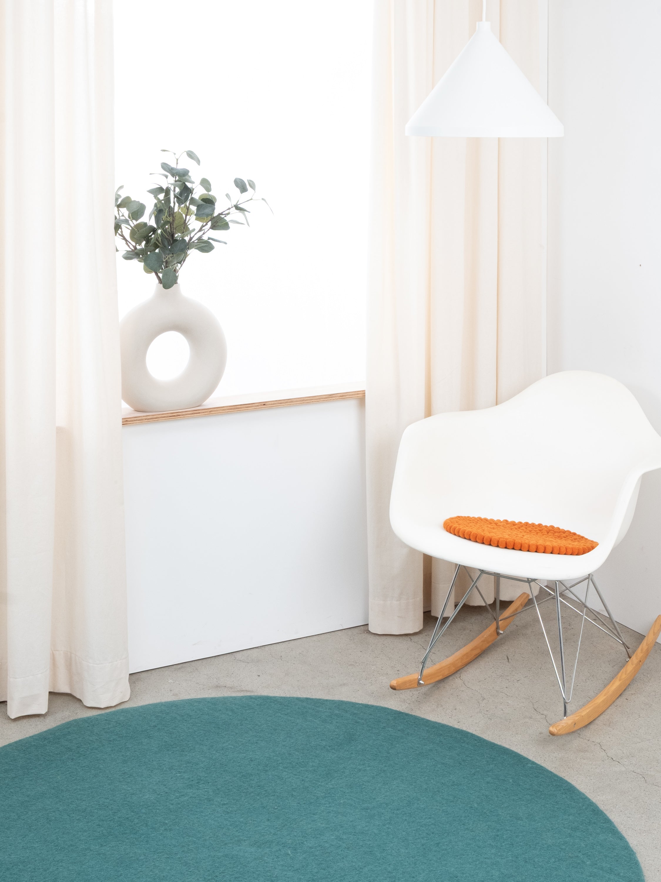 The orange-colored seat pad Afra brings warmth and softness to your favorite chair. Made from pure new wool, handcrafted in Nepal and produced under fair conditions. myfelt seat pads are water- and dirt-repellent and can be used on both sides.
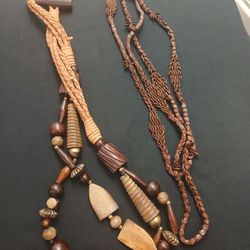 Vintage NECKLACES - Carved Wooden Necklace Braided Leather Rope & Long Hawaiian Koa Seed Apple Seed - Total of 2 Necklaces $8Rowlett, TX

- - -

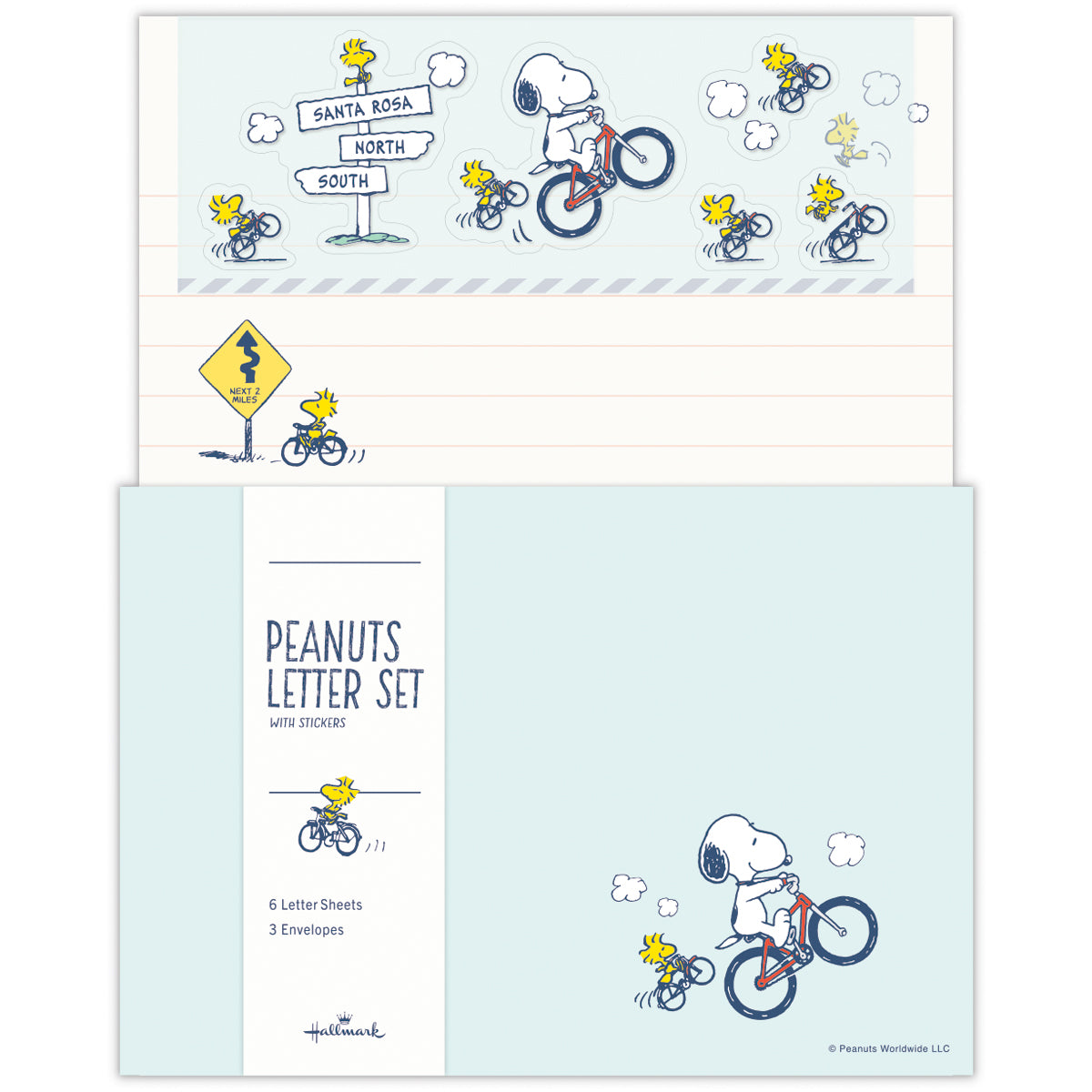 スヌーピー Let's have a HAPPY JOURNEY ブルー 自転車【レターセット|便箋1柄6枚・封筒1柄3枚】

- - -

▸ Aim of the exercise:
Your answer should be the lines above, word for word, from the line with "The orange-colored seat" through the line with "Vintage NECKLACES - Carved", minus the pictures.

▸ Your response:
 The orange-colored seat pad Afra brings warmth and softness to your favorite chair. Made from pure new wool, handcrafted in Nepal and produced under fair conditions. myfelt seat pads are water- and dirt-repellent and can be used on both sides.
 Vintage NECKLACES - Carved Wooden Necklace Braided Leather Rope & Long Hawaiian Koa Seed Apple Seed - Total of 2 Necklaces $8Rowlett, TX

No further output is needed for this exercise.